The free wildfire publication makes it easy to understand fuel reduction permits on private land – Forest Research and Access

UCCE’s forest consultant helps landowners, community groups determine the best project options

As Californians prepare for another year of drought and an expected high fire season, landowners and organizations across California are working to reduce the amount of forest fuels — flammable woody material — that can threaten their properties and communities.

For most, however, their urgent efforts have been met with a major speed shock: the vast rulebook, in the depths of which are other information, the permits required before people can treat or dispose of the fuels – as well as the many associated requirements, restrictions and regulations.

“The California Forestry Practice Rules are 410 pages, in font size 6,” said Jana Valachovich, UC Cooperative Extension forestry consultant and registered professional forester. “It’s not easy even for an experienced forester to try to figure out what kind of permission vehicles are given in the manual.”

To help private landowners and community groups navigate the rules and determine their most cost-effective options, Valachovich pioneered a new guide, “Planning and Permitting Forest Fuel Mitigation Projects on Private Lands in California,” available for free. Resources in the UC Agriculture and Natural Resources Catalog.

“We tried to create a system where all the permissions are placed side by side and we put a decision tree framework to help make it easier,” said Valachovic, highlighting the publication’s tables that break down the project’s goals and metrics. A license applicant should consider this when weighing their options.

Considerations include whether the project is pre-fire or post-fire, the location and extent of trees targeted for destruction, site conditions before and after the project, potential timeframes, commercial options and, crucially, budget constraints. The permitting process can account for one-third of total project costs.

A primer on planning and preparation

Chris Curtis, forest ranger for CAL FIRE’s Humboldt-Del Norte Unit, said he and his colleagues are grateful for the new tool and plan to use it as a “countermeasure” for community members. Charts detailing timber harvesting regulations and funding sources are particularly helpful, he added.

“These will provide a starting point for sorting out multiple commercial logging documents and funding options for an oil recovery project,” Curtis said. “A landowner is guided by the few options that seem most appropriate, and this resource professional facilitates that person in choosing the most appropriate permit.”

The publication helps prepare the landowner or community entity (such as conservation districts, fire councils or other relevant groups) for the types of questions that may come up during pre-planning discussions with a registered professional forester or RPF.

Just as a homeowner would consult with a contractor before approving a construction project, landowners and community groups should consult with the RPF, Valcovich said.
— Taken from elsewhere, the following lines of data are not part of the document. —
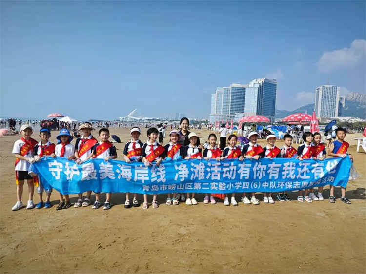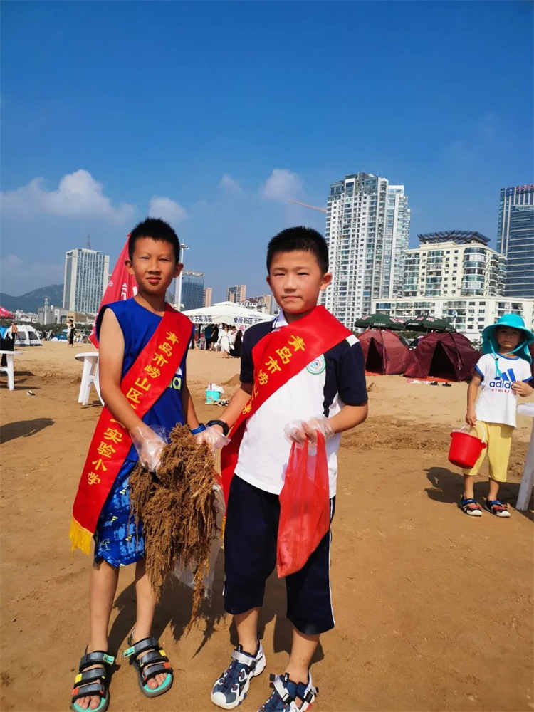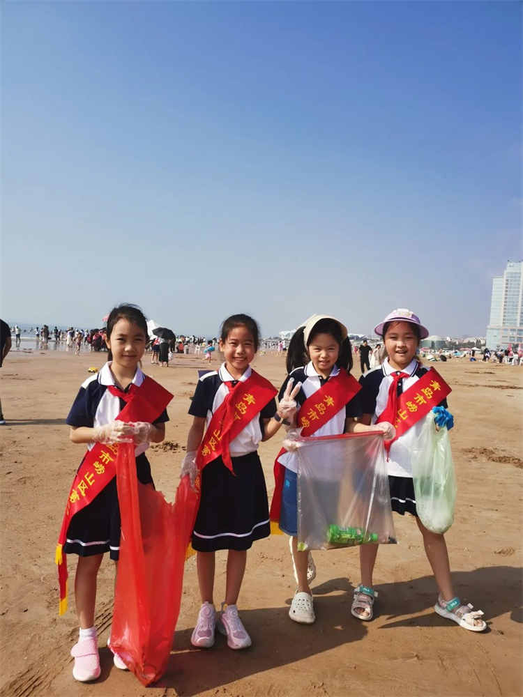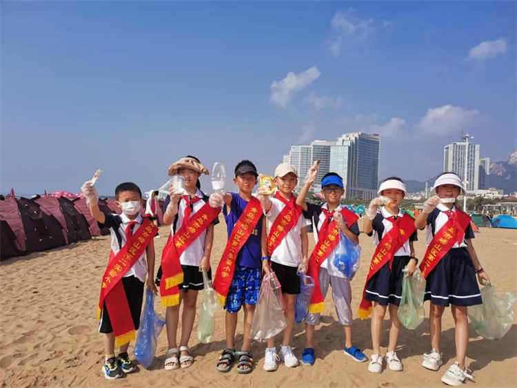 队员们来到石老人海水浴场,自发分成五组,划分捡垃圾的范围。携带不同颜色的塑料袋,不一会功夫就将一大片海滩上的垃圾捡拾完毕,并进行分类汇总。他们头上冒着汗珠,脸上却绽放出发自内心的笑容。在这场实践活动中队员们践行了垃圾分类的绿色理念,付出了劳动,不仅洁净了石老人海水浴场,更重要的是加强了自身环保意识并了解到付出比得到更容易收获快乐。
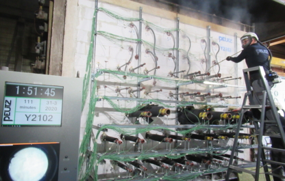 Brandwerendheidstesten worden uitgevoerd met behulp van onze grote of kleine oven (4 x 3 m | 1,5 x 2,5 m). De constructies worden blootgesteld aan een gestandaardiseerde brandkromme (>30 min ruim 800 °C | >60 min bijna 1000 °C). Naast de standaardbrandkromme kunnen ook de buitenbrandkromme en de koolwaterstofcurve (HC-curve) worden toegepast. De testresultaten worden geclassificeerd volgens EN 13501-2.
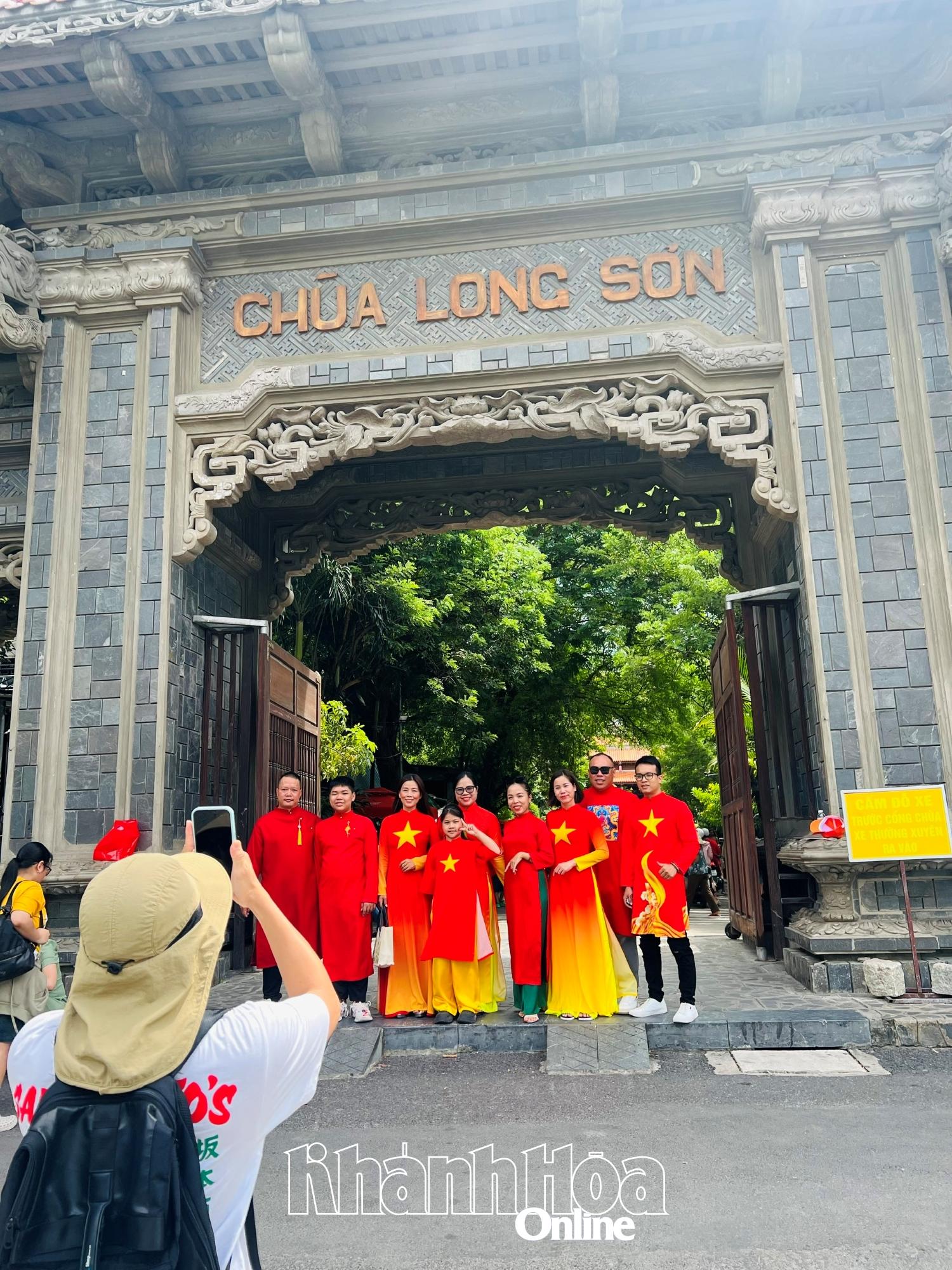 | Khách du lịch chụp ảnh lưu niệm khi tham quan chùa Long Sơn, phường Tây Nha Trang, Khánh Hòa. |
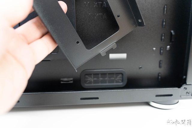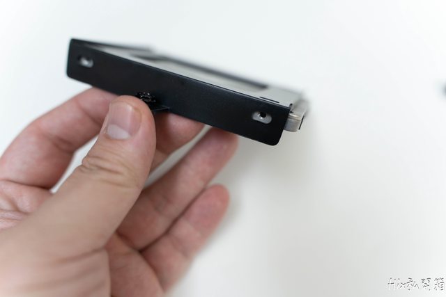 拿2.5吋的硬碟槽作示範,各處鎖點幾乎都有開口,可以自行決定要鎖哪邊的螺絲
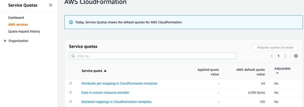 The Service Quotas tool allows you to monitor and manage AWS resource limits for your account, from one centralized location. This tool also supplies a full list of AWS services and default quota values for your account. If you wish to investigate your own limits, or discover which resources you can adjust, I recommend visiting the Service Quotas Console and selecting the AWS Services option from the list. To illustrate this, the image below show the console view for some of the default quotas on our account for the CloudFormation services. I didn’t choose CloudFormation for any other reason than it being one of my favorite services, but I digress! You may notice that the three quotas identified below cannot be adjusted – so tough luck if you had planned on declaring more than 100 mappings in your yaml/json file. If a value is populated in the Applied quote value column, then this just implies that you have previously requested an increase for this service and the value will automatically override the default value.

RPFs have specialized expertise in forest management laws and regulations related to water, air quality and endangered species protection and the issuance of permit documents.

“That’s what I do in my job: landowners come to me and we start talking about goals and objectives,” she said. “We start thinking about possible timelines — which goals are short-term, which are long-term — and how we can put an action plan in place to help those landowners achieve their goals.

Long term projects, short term measures

Among the many practical tips listed in this guide, Valachovich emphasized one in particular: When landowners first dip their toes into fuel mitigation, keep the project “simple and realistic.”

And while even small projects can be expensive this year due to high costs of gas, equipment and supplies, fuel reduction projects can take months to develop and implement, so now is still “a good time to plan.”

In the short term, however, Valachovich urges Californians to fortify their homes, manage the fuel (ie landscape plants, stockpiled wood, tall grass, etc.) right next to them with extremely dry conditions in the state. designing and evaluating home, and family emergency plans; See the UC ANR Wildfire Preparedness page for details and resources.

“There are many quick steps people can take this year to reduce their wildfire risk and prepare for the unexpected,” she said.

In addition to Valachovich, “Planning and Permitting of Forest Fuel Reduction Projects on Private Lands in California,” BBW Associates and Britta Goldstein are co-authors of UCCE staff research in Humboldt and Del Norte counties; Both are registered by professional foresters.